Run effective meetings
Regular meetings are inevitable and important. We learn and collaborate through multidisciplinary, performance-improvement team meetings. The following four-step process can help facilitate meetings and effective collaboration.
- Always start by agreeing on the facts and the goals you are trying to accomplish. Nothing will be accomplished without agreement on these two things. For instance, to create more consistency in care, everyone must first agree that this is the goal and that the present system does not support it.
- Gain understanding and appreciation of everyone’s point of view. Having an appreciation of everyone’s point of view is different from being quick to offer up your own opinion or accept the opinion of the most passionate person or the one with the most authority. Get everyone talking. Call on people for their views. Do not let them be silent. Be patient but be persistent. Without consensus, nothing usually happens.
- Make decisions that can be implemented and measured. Ask those who will be charged with implementation about the potential hurdles and what the team can do to help overcome them.
- Have a hospital decision maker present at your meetings. Nothing is more frustrating than agreeing to a decision that will not have hospital support. A recommendation by the entire team will facilitate its adoption and implementation.
Give your program a soul
The culture of every organization is rooted in the soul and passion of its leaders. Will your program be soulful or soulless, passionate or passionless? Programs and companies with a soul and a passion outperform those without one. You, as a leader, set the tone.
Remember the core of what we do: heal the body, the mind, and the soul. Every program needs more than a “to-do list,” more than metrics, more than a push for higher volume and lower costs. Every program needs a soul, which may not necessarily be seen, touched, or heard, but is always felt.
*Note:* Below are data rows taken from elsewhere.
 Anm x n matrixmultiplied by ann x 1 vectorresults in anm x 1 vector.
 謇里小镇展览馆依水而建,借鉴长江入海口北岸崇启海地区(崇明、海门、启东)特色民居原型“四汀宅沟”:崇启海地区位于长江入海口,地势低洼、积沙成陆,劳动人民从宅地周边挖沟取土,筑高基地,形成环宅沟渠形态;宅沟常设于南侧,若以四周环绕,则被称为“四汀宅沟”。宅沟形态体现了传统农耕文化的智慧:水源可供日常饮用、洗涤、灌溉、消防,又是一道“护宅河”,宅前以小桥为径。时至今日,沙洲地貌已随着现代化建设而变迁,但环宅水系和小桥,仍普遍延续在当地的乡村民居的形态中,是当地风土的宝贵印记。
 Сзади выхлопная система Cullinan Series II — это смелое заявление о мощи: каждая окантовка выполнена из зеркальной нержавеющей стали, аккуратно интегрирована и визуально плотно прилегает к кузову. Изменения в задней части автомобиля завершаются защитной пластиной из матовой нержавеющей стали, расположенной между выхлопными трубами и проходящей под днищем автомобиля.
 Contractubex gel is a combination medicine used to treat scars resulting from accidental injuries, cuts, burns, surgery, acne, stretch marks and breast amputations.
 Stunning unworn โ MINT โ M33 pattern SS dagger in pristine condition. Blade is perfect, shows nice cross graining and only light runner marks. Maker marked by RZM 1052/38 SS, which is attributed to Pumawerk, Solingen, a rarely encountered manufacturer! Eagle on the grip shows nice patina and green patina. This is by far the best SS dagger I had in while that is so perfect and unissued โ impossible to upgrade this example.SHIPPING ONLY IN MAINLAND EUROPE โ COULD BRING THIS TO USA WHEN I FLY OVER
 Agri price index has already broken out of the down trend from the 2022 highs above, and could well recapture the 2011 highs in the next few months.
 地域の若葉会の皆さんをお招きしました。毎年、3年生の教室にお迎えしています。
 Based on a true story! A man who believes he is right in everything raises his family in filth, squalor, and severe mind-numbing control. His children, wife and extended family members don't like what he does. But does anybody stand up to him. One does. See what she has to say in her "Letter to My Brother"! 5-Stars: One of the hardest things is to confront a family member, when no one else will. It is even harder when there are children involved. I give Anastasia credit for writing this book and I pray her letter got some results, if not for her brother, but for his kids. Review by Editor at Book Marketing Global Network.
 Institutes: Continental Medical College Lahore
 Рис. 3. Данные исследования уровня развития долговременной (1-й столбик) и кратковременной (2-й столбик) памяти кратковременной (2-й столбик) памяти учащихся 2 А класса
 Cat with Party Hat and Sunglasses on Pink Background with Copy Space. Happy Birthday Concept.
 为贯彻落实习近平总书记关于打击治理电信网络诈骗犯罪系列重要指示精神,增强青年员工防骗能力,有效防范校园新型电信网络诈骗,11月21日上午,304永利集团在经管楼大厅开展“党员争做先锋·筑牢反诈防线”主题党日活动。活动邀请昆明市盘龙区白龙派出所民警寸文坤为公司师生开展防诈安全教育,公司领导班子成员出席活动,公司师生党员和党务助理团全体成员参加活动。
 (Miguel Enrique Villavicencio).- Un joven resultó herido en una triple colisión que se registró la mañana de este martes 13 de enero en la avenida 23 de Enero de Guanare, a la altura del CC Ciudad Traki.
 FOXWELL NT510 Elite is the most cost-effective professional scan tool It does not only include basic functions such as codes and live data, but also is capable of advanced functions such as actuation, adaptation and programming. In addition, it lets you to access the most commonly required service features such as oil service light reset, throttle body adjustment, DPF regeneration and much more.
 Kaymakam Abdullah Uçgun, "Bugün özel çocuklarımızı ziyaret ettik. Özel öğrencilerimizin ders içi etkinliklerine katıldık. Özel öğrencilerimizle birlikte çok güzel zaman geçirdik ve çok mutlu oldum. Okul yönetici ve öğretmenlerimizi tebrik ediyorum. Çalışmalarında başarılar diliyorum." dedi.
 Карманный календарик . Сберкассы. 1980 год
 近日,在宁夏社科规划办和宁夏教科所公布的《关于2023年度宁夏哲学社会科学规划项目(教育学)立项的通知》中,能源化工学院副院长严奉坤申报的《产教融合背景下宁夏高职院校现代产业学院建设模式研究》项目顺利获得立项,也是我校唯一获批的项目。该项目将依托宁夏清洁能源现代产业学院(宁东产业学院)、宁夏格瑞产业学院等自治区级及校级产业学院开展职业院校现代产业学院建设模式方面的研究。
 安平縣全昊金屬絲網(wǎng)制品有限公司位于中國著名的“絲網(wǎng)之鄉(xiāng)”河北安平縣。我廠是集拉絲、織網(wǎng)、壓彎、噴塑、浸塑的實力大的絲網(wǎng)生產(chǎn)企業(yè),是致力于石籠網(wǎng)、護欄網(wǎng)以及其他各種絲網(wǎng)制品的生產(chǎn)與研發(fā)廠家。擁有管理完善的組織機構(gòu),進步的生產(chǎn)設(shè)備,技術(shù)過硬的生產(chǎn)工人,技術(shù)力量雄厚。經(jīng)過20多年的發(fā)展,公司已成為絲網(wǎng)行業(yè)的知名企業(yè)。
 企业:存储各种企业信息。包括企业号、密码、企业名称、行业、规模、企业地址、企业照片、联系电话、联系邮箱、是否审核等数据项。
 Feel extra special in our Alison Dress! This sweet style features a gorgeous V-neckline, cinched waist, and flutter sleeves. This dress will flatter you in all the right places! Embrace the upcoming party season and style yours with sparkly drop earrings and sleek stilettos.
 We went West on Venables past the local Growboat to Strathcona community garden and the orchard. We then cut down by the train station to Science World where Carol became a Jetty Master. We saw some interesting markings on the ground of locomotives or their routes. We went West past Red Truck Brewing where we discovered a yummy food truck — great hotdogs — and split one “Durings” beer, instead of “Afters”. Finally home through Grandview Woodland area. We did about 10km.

Helping your team make this emotional connection with patients is important in ensuring long-term success and enthusiasm.
Don’t let success be your Achilles heel
Your real test as physician leader will be after the launch and after the program succeeds. I have seen countless programs start fast only to slowly fizzle away due to the failure of the physician leader to continue to lead. The main reason for this is a lack of meaningful feedback. Never believe you have found the answers. If you want to avoid complacency you must keep asking the staff, the physicians, and especially the patients for specific feedback on how you can be better. They will tell you; you should listen and act.
Be an excellent physician
Because you are setting the standard, being an excellent physician is essential to ensure the respect of your colleagues. When confronted with difficult issues, I found that focusing on the patient’s needs—rather than the needs of the administration or the physicians—was still best.
Throw your hat in the ring
I’ve added this tip because health care desperately needs physician leaders who can cross the chasm between the organizational aspects of medicine and the bedside care of patients. Restoring trust and collaboration between administration and physicians is important.
The truth is we need each other. Your leadership can help put light on the shadows and build a better healthcare system. With physicians in leadership roles, there should be no dark side. There should be only one side—the patient’s side. As Theodore Roosevelt said, “Far and away, the best prize that life offers is the chance to work hard at work worth doing.” This is work worth doing.